> Activity
Exactly retype the opening line of the entries and every line after it, ending with the line that contains "插画,背景,黑描,扁平,运动,健身,健康,美体,健美,塑性". Skip all pictures.

> Exercise input
-=-=-=-=-
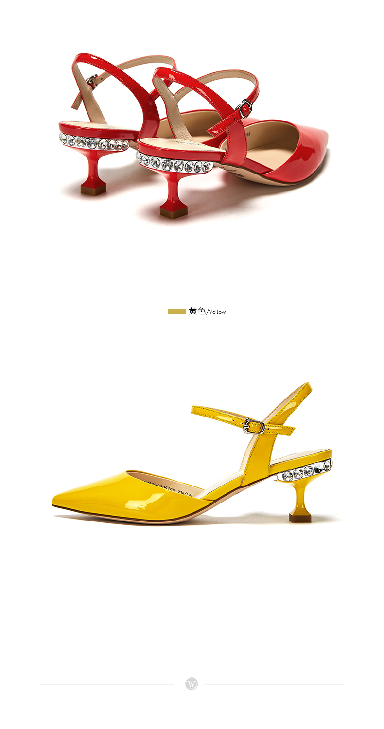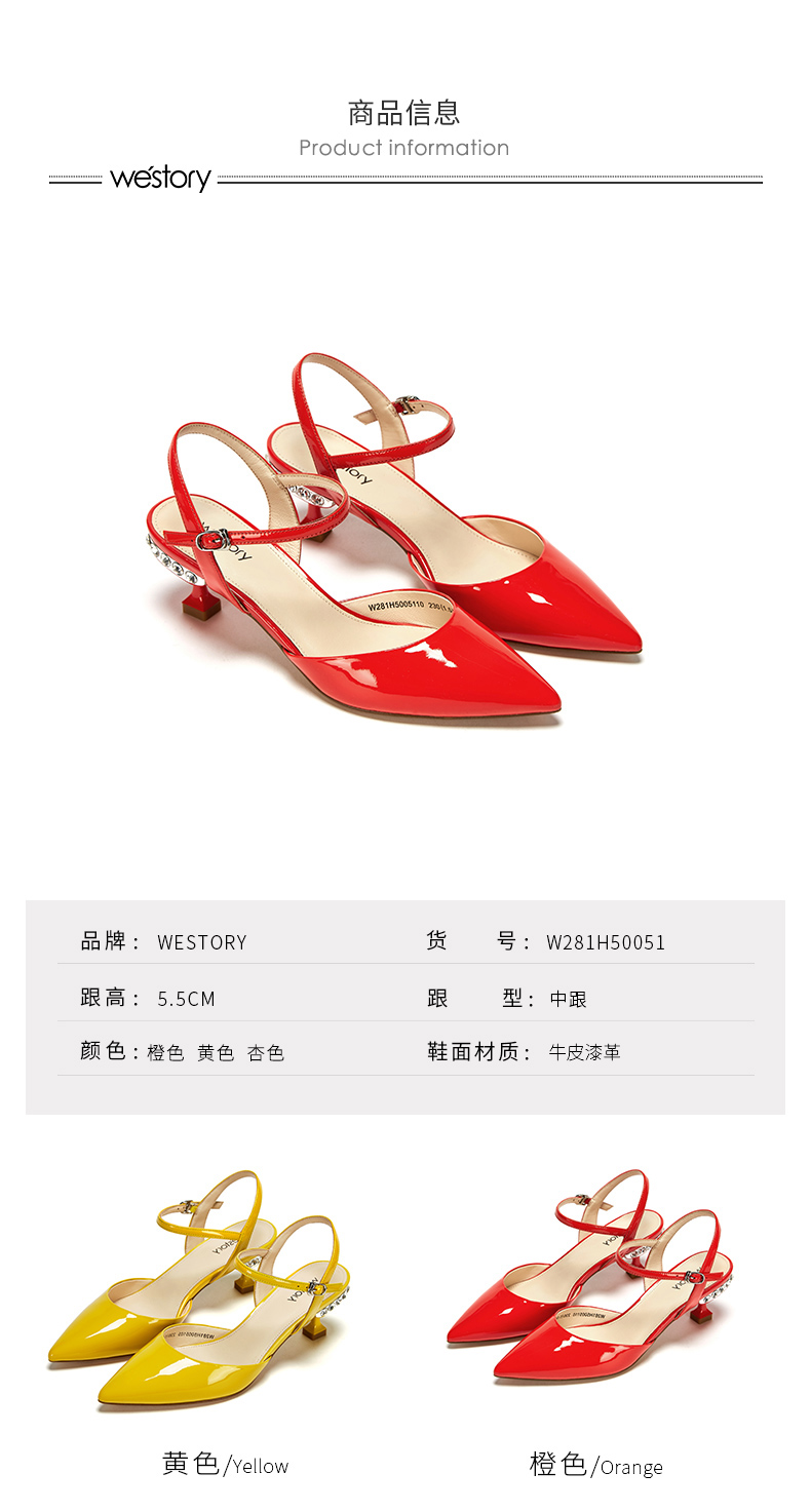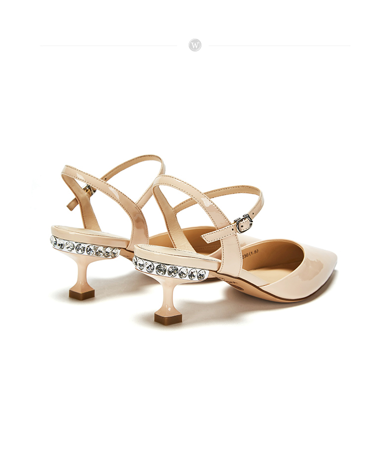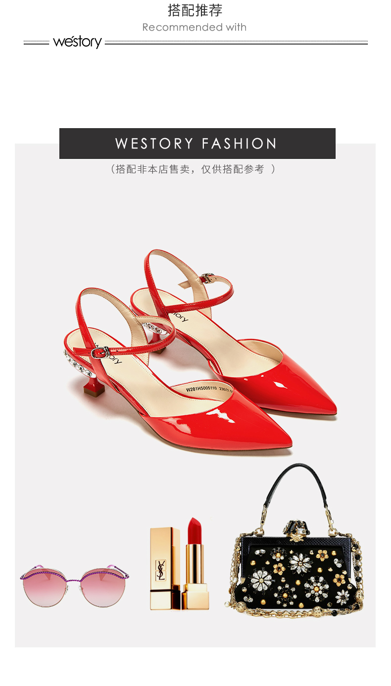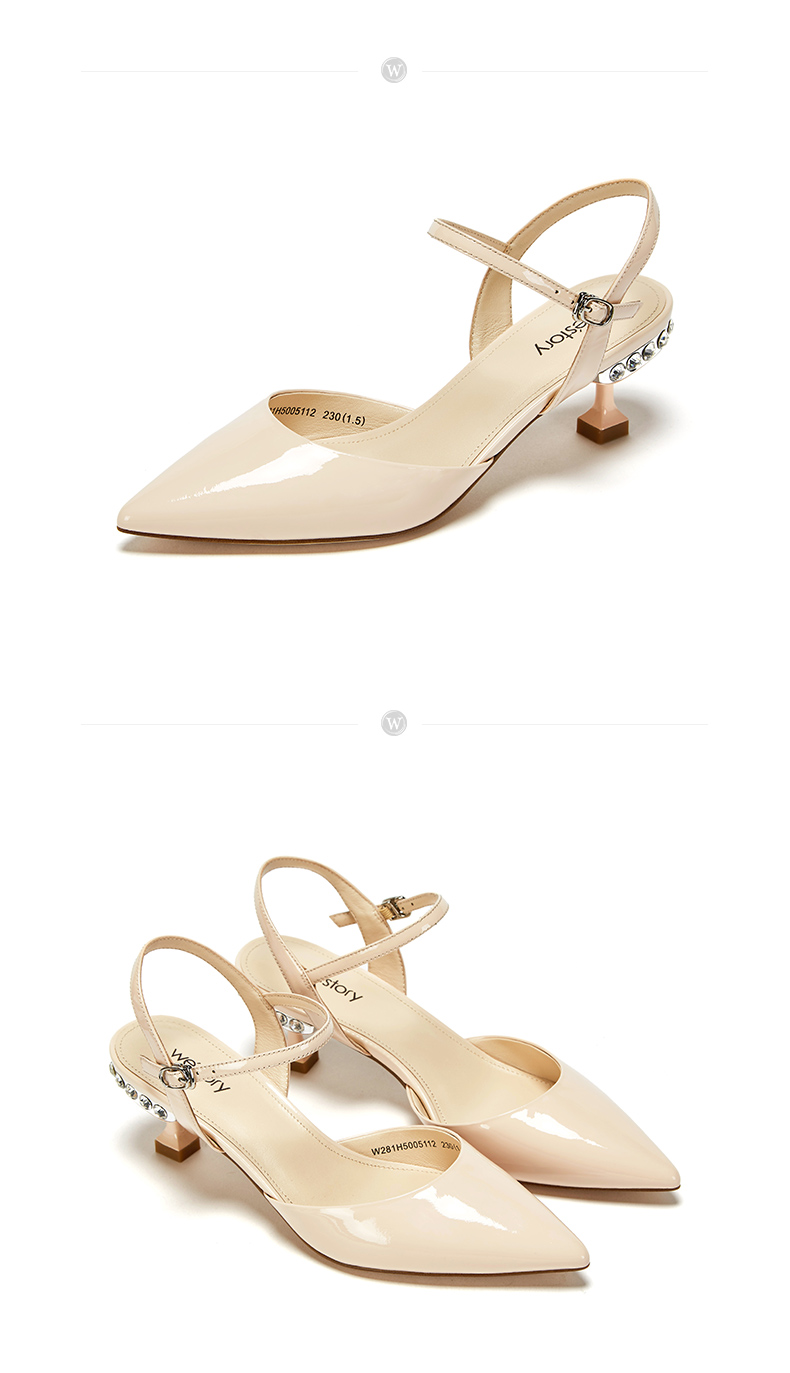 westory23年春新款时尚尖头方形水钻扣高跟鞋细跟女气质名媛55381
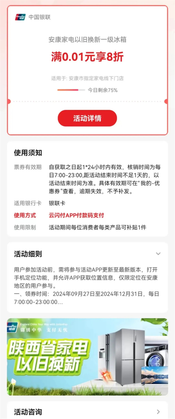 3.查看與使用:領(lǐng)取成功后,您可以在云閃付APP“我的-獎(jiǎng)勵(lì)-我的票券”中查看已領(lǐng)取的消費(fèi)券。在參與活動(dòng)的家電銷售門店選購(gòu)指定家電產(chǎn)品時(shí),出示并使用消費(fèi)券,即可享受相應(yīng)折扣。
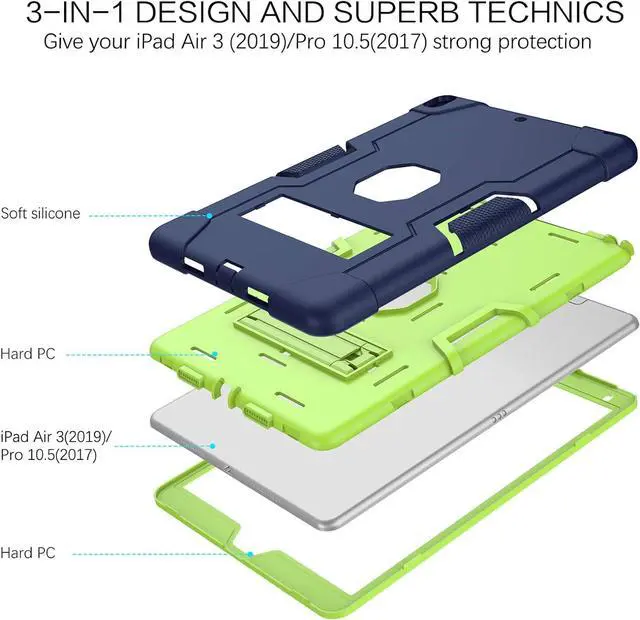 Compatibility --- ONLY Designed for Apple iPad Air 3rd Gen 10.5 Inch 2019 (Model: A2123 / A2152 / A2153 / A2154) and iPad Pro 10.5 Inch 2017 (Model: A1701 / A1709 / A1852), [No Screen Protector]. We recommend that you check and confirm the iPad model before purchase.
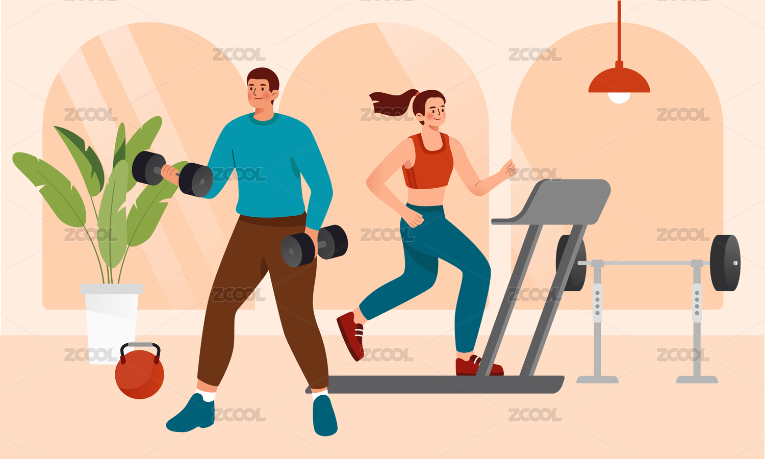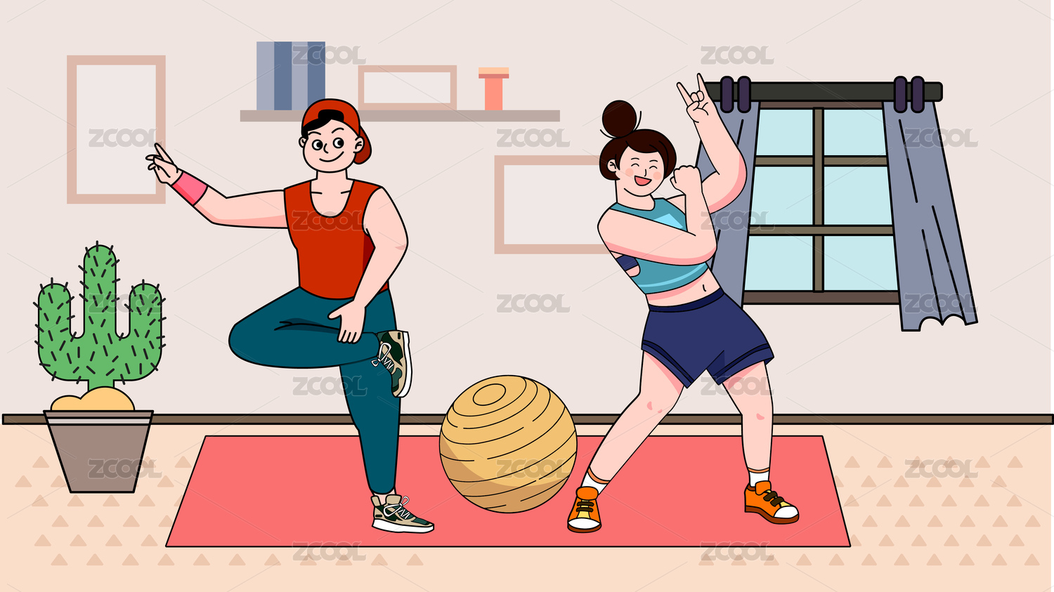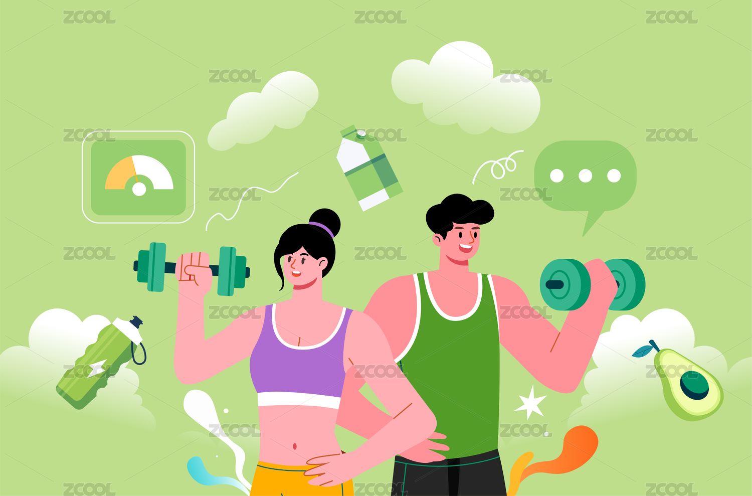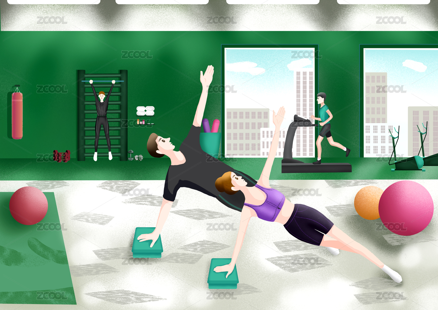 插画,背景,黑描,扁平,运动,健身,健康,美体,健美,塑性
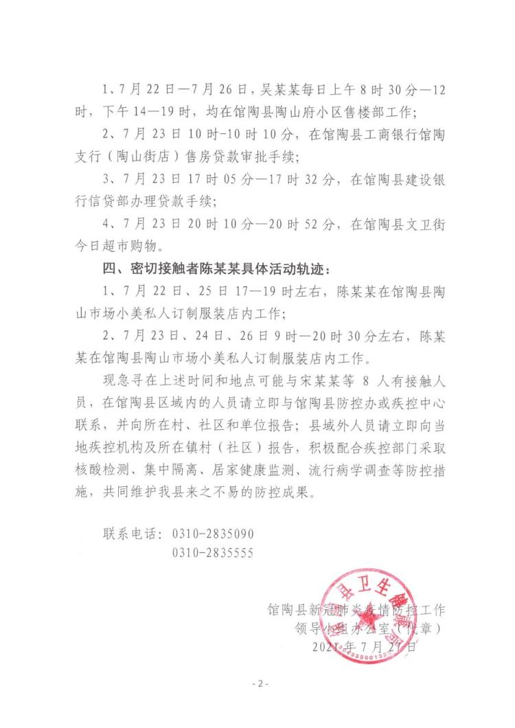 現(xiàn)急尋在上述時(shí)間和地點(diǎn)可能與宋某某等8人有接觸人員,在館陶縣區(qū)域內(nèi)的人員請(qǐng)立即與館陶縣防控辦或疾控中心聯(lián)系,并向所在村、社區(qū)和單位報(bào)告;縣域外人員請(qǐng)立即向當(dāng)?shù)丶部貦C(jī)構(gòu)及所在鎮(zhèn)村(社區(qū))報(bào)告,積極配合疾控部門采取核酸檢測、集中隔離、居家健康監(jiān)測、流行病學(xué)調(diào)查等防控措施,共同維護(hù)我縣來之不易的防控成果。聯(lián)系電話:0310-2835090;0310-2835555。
-=-=-=-=-
> Exercise output
 westory23年春新款时尚尖头方形水钻扣高跟鞋细跟女气质名媛55381
 3.查看與使用:領(lǐng)取成功后,您可以在云閃付APP“我的-獎(jiǎng)勵(lì)-我的票券”中查看已領(lǐng)取的消費(fèi)券。在參與活動(dòng)的家電銷售門店選購(gòu)指定家電產(chǎn)品時(shí),出示并使用消費(fèi)券,即可享受相應(yīng)折扣。
 Compatibility --- ONLY Designed for Apple iPad Air 3rd Gen 10.5 Inch 2019 (Model: A2123 / A2152 / A2153 / A2154) and iPad Pro 10.5 Inch 2017 (Model: A1701 / A1709 / A1852), [No Screen Protector]. We recommend that you check and confirm the iPad model before purchase.
 插画,背景,黑描,扁平,运动,健身,健康,美体,健美,塑性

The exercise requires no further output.